Item 10.  Certifications.

          By signing below we certify that, to the best of our belief, the
          securities referred to above were not acquired and are not held for
          the purpose of or with the effect of changing or influencing the
          control of the issuer of the securities and were not acquired and are
          not held in connection with or as a participant in any transaction
          having such purpose or effect.



                                    SIGNATURE

     After reasonable inquiry and to the best of my knowledge and belief, I
certify that the information set forth in this statement is true, complete and
correct.

January 27, 2009

(Date)

                              Springbok Capital Management, L.L.C.**
                              -----------------------------------------------

                              By: /s/ Gavin Saitowitz
                              -----------------------------------------------
                              Name/Title: Gavin Saitowitz /Managing Member



                              /s/ Gavin Saitowitz**
                              -----------------------------------------------
                              Name/Title: Gavin Saitowitz



                              Springbok Capital Master Fund, LP**
                              -----------------------------------------------

                              By: /s/ Gavin Saitowitz
                              -----------------------------------------------
                              Name/Title: Gavin Saitowitz /Managing Member
                                          of its adviser

Note.  Schedules filed in paper format shall include a signed original and five
copies of the schedule, including all exhibits. See Rule 13d-7 for other parties
for whom copies are to be sent.

Attention.  Intentional misstatements or omissions of fact constitute federal
criminal violations (see 18 U.S.C. 1001).

** The reporting persons disclaim beneficial ownership of the securities
reported herein, except to the extent of their pecuniary interest therein.




                                                                      Exhibit A


                                    AGREEMENT

The undersigned agree that this Schedule 13G Amendment No. 2 dated January 27,
2009 relating to the Common Stock, $0.01 par value of Great Wolf Resorts, Inc.
shall be filed on behalf of the undersigned.

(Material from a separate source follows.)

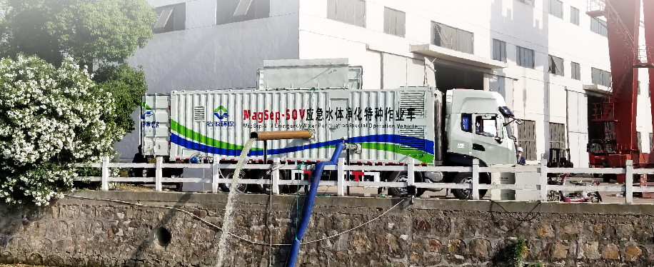 我司還擁有一款基于超磁分離技術(shù)的車載式一體化凈水系統(tǒng)--MagSep-SOV應(yīng)急水體凈化特種作業(yè)車,此款作業(yè)車擁有獨(dú)立自主的專利技術(shù)及知識(shí)產(chǎn)權(quán),整體技術(shù)處于國(guó)內(nèi)優(yōu)秀水平。MagSep-SOV應(yīng)急水體凈化特種作業(yè)車具有高機(jī)動(dòng)性、靈活性、無(wú)間歇連續(xù)式運(yùn)行、處理通量大、凈化效率高、應(yīng)用范圍廣泛、不受地形影響等多方位優(yōu)勢(shì),應(yīng)急性強(qiáng),可應(yīng)對(duì)多場(chǎng)景水污染處置需求。對(duì)雨季溢流污染可以快速、高效地凈化受污染水體,從而減輕雨季溢流污染對(duì)環(huán)境的影響。該特種作業(yè)車兼具行走系統(tǒng)、取水系統(tǒng)、排水系統(tǒng)、照明系統(tǒng)、發(fā)電系統(tǒng)、水處理系統(tǒng)及污泥處置系統(tǒng)等七大功能,能夠快速機(jī)動(dòng)地完成水污染防治等工作。尤其是在暴雨初期,由于初始沖刷現(xiàn)象,污染程度往往會(huì)加劇,而應(yīng)急水體凈化特種作業(yè)車能夠迅速介入,有效減輕環(huán)境污染,保護(hù)水資源,為水污染治理和防治提供高效靈活的應(yīng)對(duì)模式。

                              Springbok Capital Management, L.L.C.**
                              -----------------------------------------------

                              By: /s/ Gavin Saitowitz
                              -----------------------------------------------
                              Name/Title: Gavin Saitowitz /Managing Member



                              /s/ Gavin Saitowitz**
                              -----------------------------------------------
                              Name/Title: Gavin Saitowitz



                              Springbok Capital Master Fund, LP**
                              -----------------------------------------------

                              By: /s/ Gavin Saitowitz
                              -----------------------------------------------
                              Name/Title: Gavin Saitowitz /Managing Member
                                          of its adviser

** The reporting persons disclaim beneficial ownership of the securities
reported herein, except to the extent of their pecuniary interest therein.